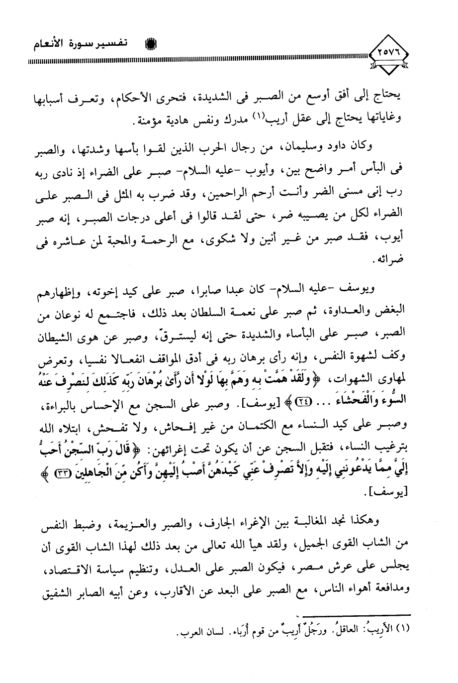 يحتاج إلى أفق أوسع من الصبر في الشديدة، فتحري الأحكام، وتعرف أسبابها وغاياتها يحتاج إلى عقل أريب (¬1) مدرك ونفس هادية مؤمنة.
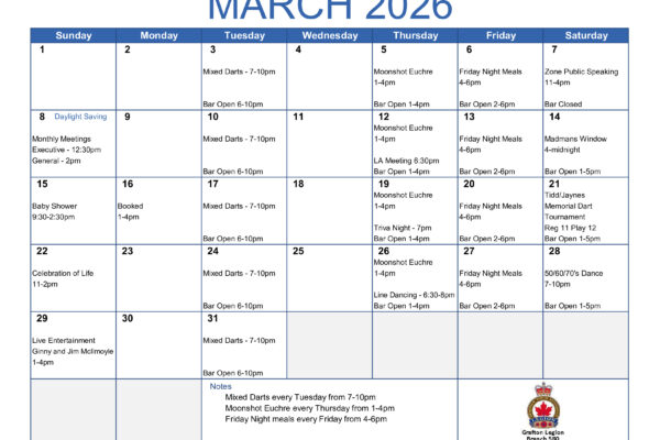 Here is our new calendar of events for March on what is happening at the Grafton Legion. With our normal weekly activities of Mixed Darts, Moonshot Euchre and Friday Night Meals, we have: -Zone F2 Public Speaking on the 7th-Branch …
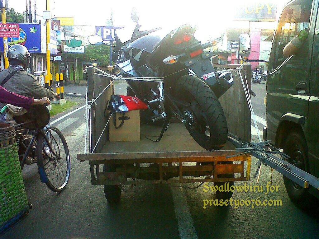 Apa yang Anda Pikirkan Ketika Melihat Foto ini? Sebuah Honda CBR 150R Gress diangkut Motor Roda Tiga Lusuh Juni 10, 2015
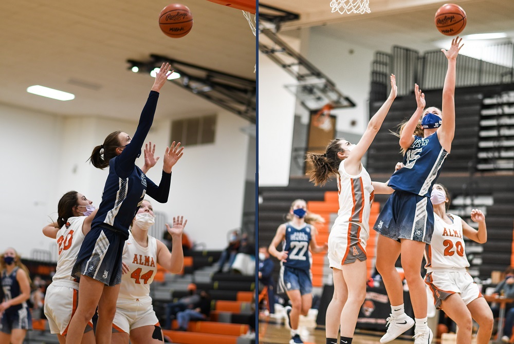 PHOTOS: (Top) Bay City John Glenn’s Abi Tarrant, left, and Carly McCrum make strong moves to the hoop against Alma this season. (Middle) Tarrant focuses for a free throw. (Below) McCrum maintains possession against Freeland. (Photos by Jodi Stopyak.)

-*-*-

THE TASK: Reproduce all the material exactly, omitting images.

RESPONSE:
 يحتاج إلى أفق أوسع من الصبر في الشديدة، فتحري الأحكام، وتعرف أسبابها وغاياتها يحتاج إلى عقل أريب (¬1) مدرك ونفس هادية مؤمنة.
 Here is our new calendar of events for March on what is happening at the Grafton Legion. With our normal weekly activities of Mixed Darts, Moonshot Euchre and Friday Night Meals, we have: -Zone F2 Public Speaking on the 7th-Branch …
 Apa yang Anda Pikirkan Ketika Melihat Foto ini? Sebuah Honda CBR 150R Gress diangkut Motor Roda Tiga Lusuh Juni 10, 2015
 PHOTOS: (Top) Bay City John Glenn’s Abi Tarrant, left, and Carly McCrum make strong moves to the hoop against Alma this season. (Middle) Tarrant focuses for a free throw. (Below) McCrum maintains possession against Freeland. (Photos by Jodi Stopyak.)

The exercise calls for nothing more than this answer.